▶ [Activity]: Aim for an exact copy of the listing, without any images.

▶ [Recorded data]:
======
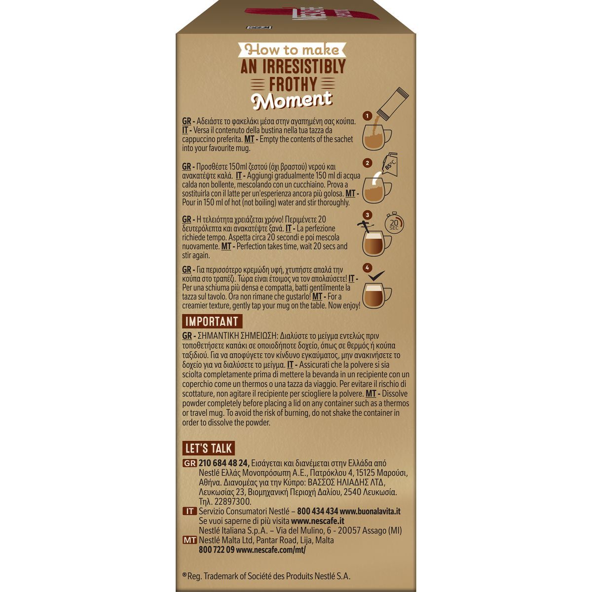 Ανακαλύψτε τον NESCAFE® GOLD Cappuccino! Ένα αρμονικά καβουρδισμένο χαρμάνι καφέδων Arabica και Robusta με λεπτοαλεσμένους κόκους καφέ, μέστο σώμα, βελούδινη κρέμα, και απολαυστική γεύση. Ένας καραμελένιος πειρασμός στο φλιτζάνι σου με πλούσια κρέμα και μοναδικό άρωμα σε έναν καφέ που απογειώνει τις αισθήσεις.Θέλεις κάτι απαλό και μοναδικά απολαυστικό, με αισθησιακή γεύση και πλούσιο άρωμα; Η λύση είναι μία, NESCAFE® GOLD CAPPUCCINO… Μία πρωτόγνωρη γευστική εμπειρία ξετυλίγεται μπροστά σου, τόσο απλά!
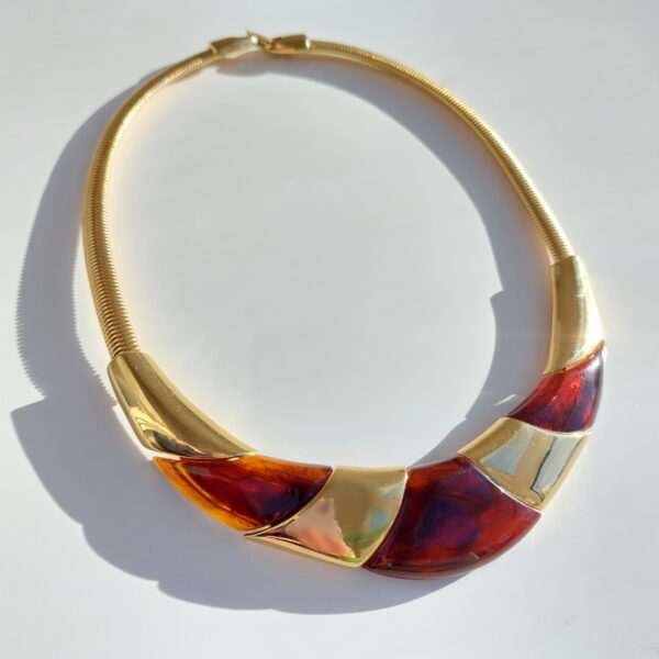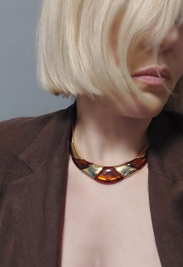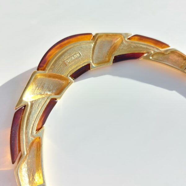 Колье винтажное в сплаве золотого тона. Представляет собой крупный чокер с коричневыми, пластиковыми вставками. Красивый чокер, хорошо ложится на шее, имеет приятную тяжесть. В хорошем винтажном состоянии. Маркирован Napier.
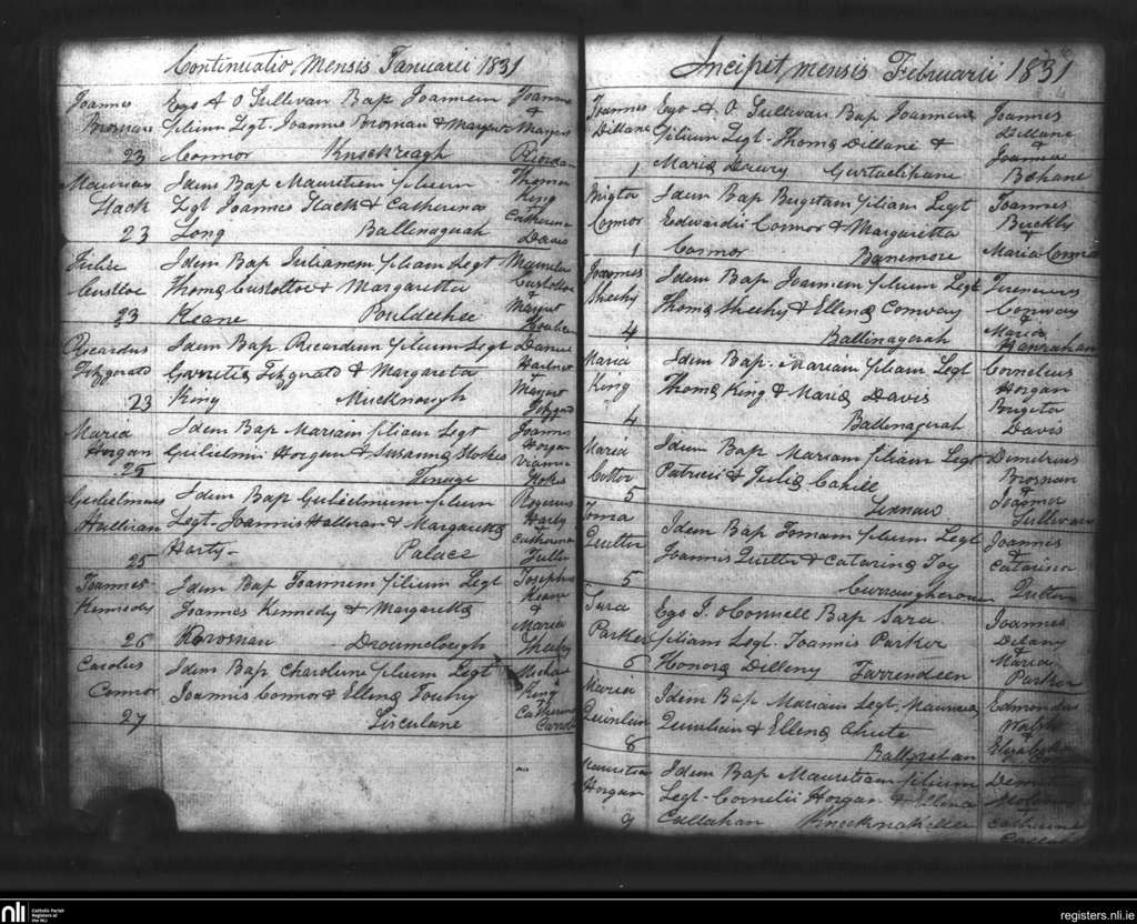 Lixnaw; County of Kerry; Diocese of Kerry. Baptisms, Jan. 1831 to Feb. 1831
======
▶ [Final answer]:
 Ανακαλύψτε τον NESCAFE® GOLD Cappuccino! Ένα αρμονικά καβουρδισμένο χαρμάνι καφέδων Arabica και Robusta με λεπτοαλεσμένους κόκους καφέ, μέστο σώμα, βελούδινη κρέμα, και απολαυστική γεύση. Ένας καραμελένιος πειρασμός στο φλιτζάνι σου με πλούσια κρέμα και μοναδικό άρωμα σε έναν καφέ που απογειώνει τις αισθήσεις.Θέλεις κάτι απαλό και μοναδικά απολαυστικό, με αισθησιακή γεύση και πλούσιο άρωμα; Η λύση είναι μία, NESCAFE® GOLD CAPPUCCINO… Μία πρωτόγνωρη γευστική εμπειρία ξετυλίγεται μπροστά σου, τόσο απλά!
 Колье винтажное в сплаве золотого тона. Представляет собой крупный чокер с коричневыми, пластиковыми вставками. Красивый чокер, хорошо ложится на шее, имеет приятную тяжесть. В хорошем винтажном состоянии. Маркирован Napier.
 Lixnaw; County of Kerry; Diocese of Kerry. Baptisms, Jan. 1831 to Feb. 1831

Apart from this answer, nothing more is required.